53. The Employment Act Section 49 3(2) provide for reinstatement of an employee and treat the employee in all respects as if the employees’ employment had not been terminated and of course there are considerations in reinstating as provided in subsection 4 of the said
The remedy for reinstatement is not an automatic right to an employee whose employment is terminated unlawfully. It is indeed a discretionary remedy and depends on the special merits of each case and the guiding principles are as set out in the said Section 49 of the Employment Act.
54. As observed in the case of KENYA AIRWAYS LIMITED VS AVIATION & ALLIED WORKERS UNION KENYA (SUPRA) reinstatement depend on practicability of the relief and practicability include reasonableness which invoked broad inquiry into equities of the parties cases; such considerations would include the prospective effects of the order of reinstatement, not only upon the individual employer and employee, but also other affected employees and third parties.
The court also considered that the Claimants did not tender evidence on practicability or otherwise of the order of the reinstatement.

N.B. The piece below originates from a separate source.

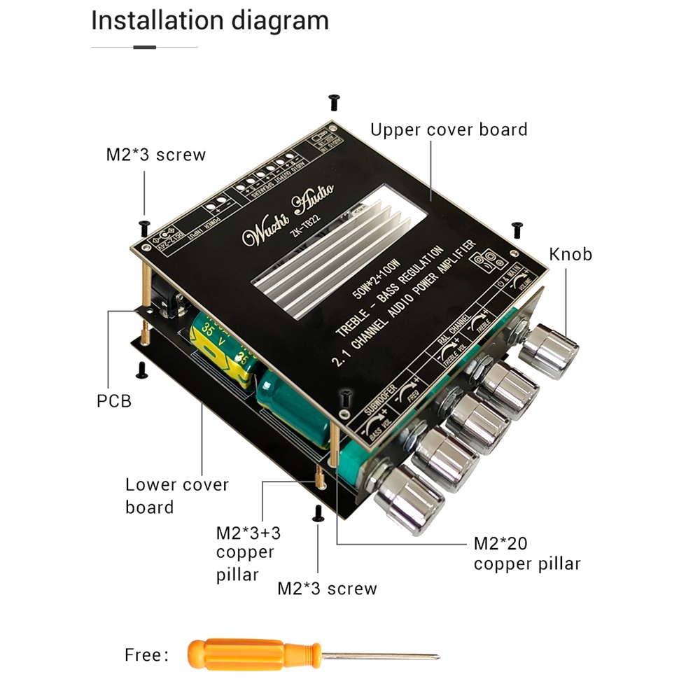 Zk-tb22 บอร์ดขยายเสียงไร้สาย บลูทูธ 2.1 TWS 50WX2+100W พร้อมตัวควบคุมเสียงแหลม และเบส

55. It is about ten months since the Claimants left the Respondent’s employment and even as testified by the Claimant witness other employees have already taken those positions. The positions are no longer open and there is no point of making orders that will be difficult or impractical to implement.

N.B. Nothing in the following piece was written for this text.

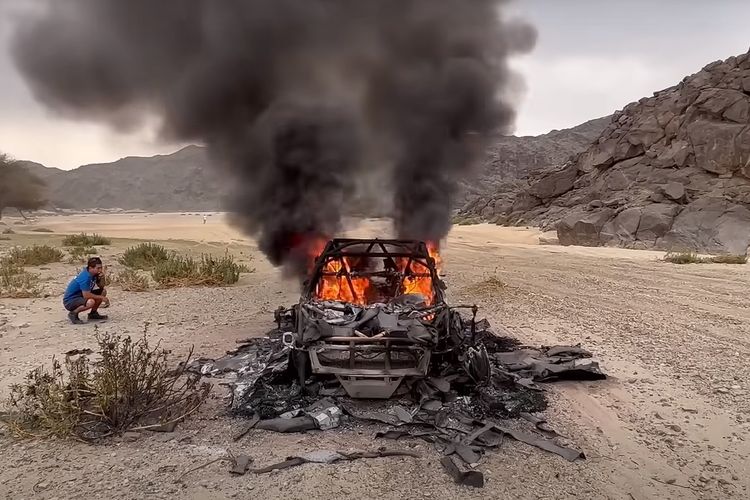 Ngerinya Reli Dakar 2023, Sebuah Mobil Terbakar Habis di Etape 1, Begini Videonya

The court also addressed the general principle that courts will not force parties to a personal relationship against the will of any one of them. That will breed friction which is not conducive for business. I therefore decline to reinstate the Claimants members.
56. I however will grant the Claimants members equivalent of 12 months’ salary based on their gross monthly wage for each of them.
57. I will also grant them interest at court rates till payment in full.
58. Costs follow the event and so I will award the Claimant’s costs.
59. The Respondents claimed to have paid the Claimants terminal benefits as provided in the Employment Act and in their Collective bargaining Agreement but if any of the Claimants have not received the same they can inform the court accordingly for further orders.
DELIVERED, DATED AND SIGNED IN NAIROBI THIS 20TH DAY OF JANUARY 2022.
ANNA NGIBUINI MWAURE
The court did not see the actual gross salary of the Claimants members.
The Claimants are ordered to present their accounts for the 12 months’ salary to this court by 28th February, 2022 in order to give final directions. Mention on 28th February, 2022. The Respondent also to produce documents to prove payment of the Claimant’s dues according to the law.
Delivered, dated and signed in Nairobi this ………………day of ……………………..2022.
ANNA NGIBUINI MWAURE
In view of the declaration of measures restricting court operations due to the COVID-19 pandemic and in light of the directions issued by His Lordship, the Chief Justice on 15th March 2020 and subsequent directions of 21st April 2020 that judgments and rulings shall be delivered through video conferencing or via email. They have waived compliance with Order 21 Rule 1 of the Civil Procedure Rules, which requires that all judgments and rulings be pronounced in open court. In permitting this course, this court has been guided by Article 159(2)(d) of the Constitution which requires the court to eschew undue technicalities in delivering justice, the right of access to justice guaranteed to every person under Article 48 of the Constitution and the provisions of Section 1B of the Procedure Act (Chapter 21 of the Laws of Kenya) which impose on this court the duty of the court, inter alia, to use suitable technology to enhance the overriding objective which is to facilitate just, expeditious, proportionate and affordable resolution of civil disputes.
A signed copy will be availed to each party upon payment of court fees.